Data excerpt START

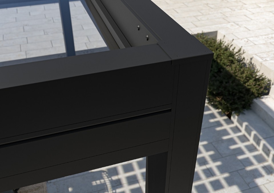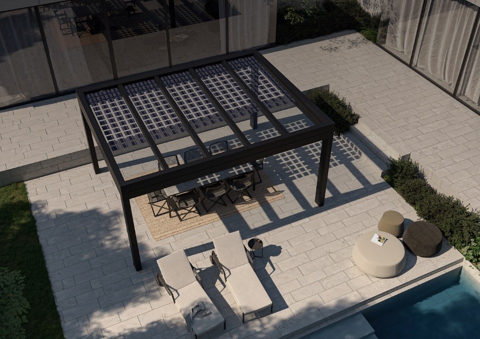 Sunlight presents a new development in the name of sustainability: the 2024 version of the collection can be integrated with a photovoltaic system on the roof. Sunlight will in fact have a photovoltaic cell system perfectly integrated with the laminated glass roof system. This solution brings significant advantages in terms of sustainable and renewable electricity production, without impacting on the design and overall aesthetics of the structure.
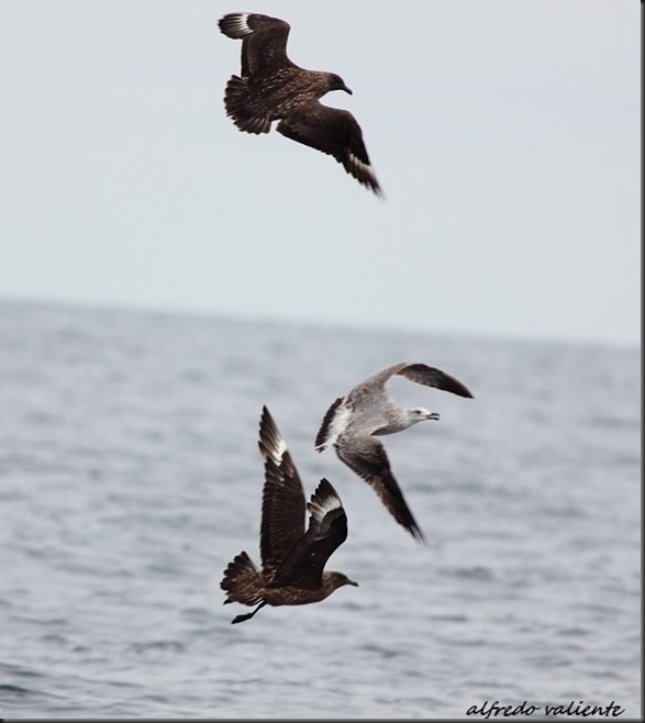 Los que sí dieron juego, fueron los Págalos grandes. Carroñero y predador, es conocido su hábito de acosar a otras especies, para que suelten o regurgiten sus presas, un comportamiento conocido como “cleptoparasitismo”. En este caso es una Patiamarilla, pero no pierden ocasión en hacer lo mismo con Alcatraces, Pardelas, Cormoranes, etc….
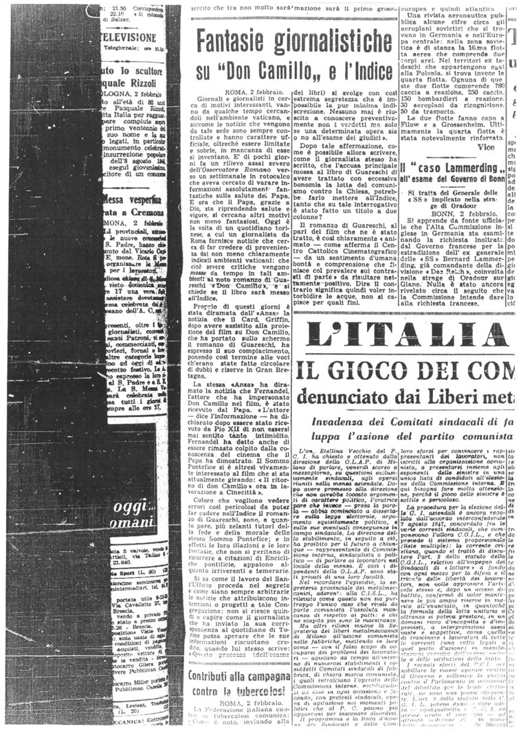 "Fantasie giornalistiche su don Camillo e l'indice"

Data excerpt END

*What you have to do*:
Reproduce the preceding material exactly, skipping pictures.

*Written answer*:
 Sunlight presents a new development in the name of sustainability: the 2024 version of the collection can be integrated with a photovoltaic system on the roof. Sunlight will in fact have a photovoltaic cell system perfectly integrated with the laminated glass roof system. This solution brings significant advantages in terms of sustainable and renewable electricity production, without impacting on the design and overall aesthetics of the structure.
 Los que sí dieron juego, fueron los Págalos grandes. Carroñero y predador, es conocido su hábito de acosar a otras especies, para que suelten o regurgiten sus presas, un comportamiento conocido como “cleptoparasitismo”. En este caso es una Patiamarilla, pero no pierden ocasión en hacer lo mismo con Alcatraces, Pardelas, Cormoranes, etc….
 "Fantasie giornalistiche su don Camillo e l'indice"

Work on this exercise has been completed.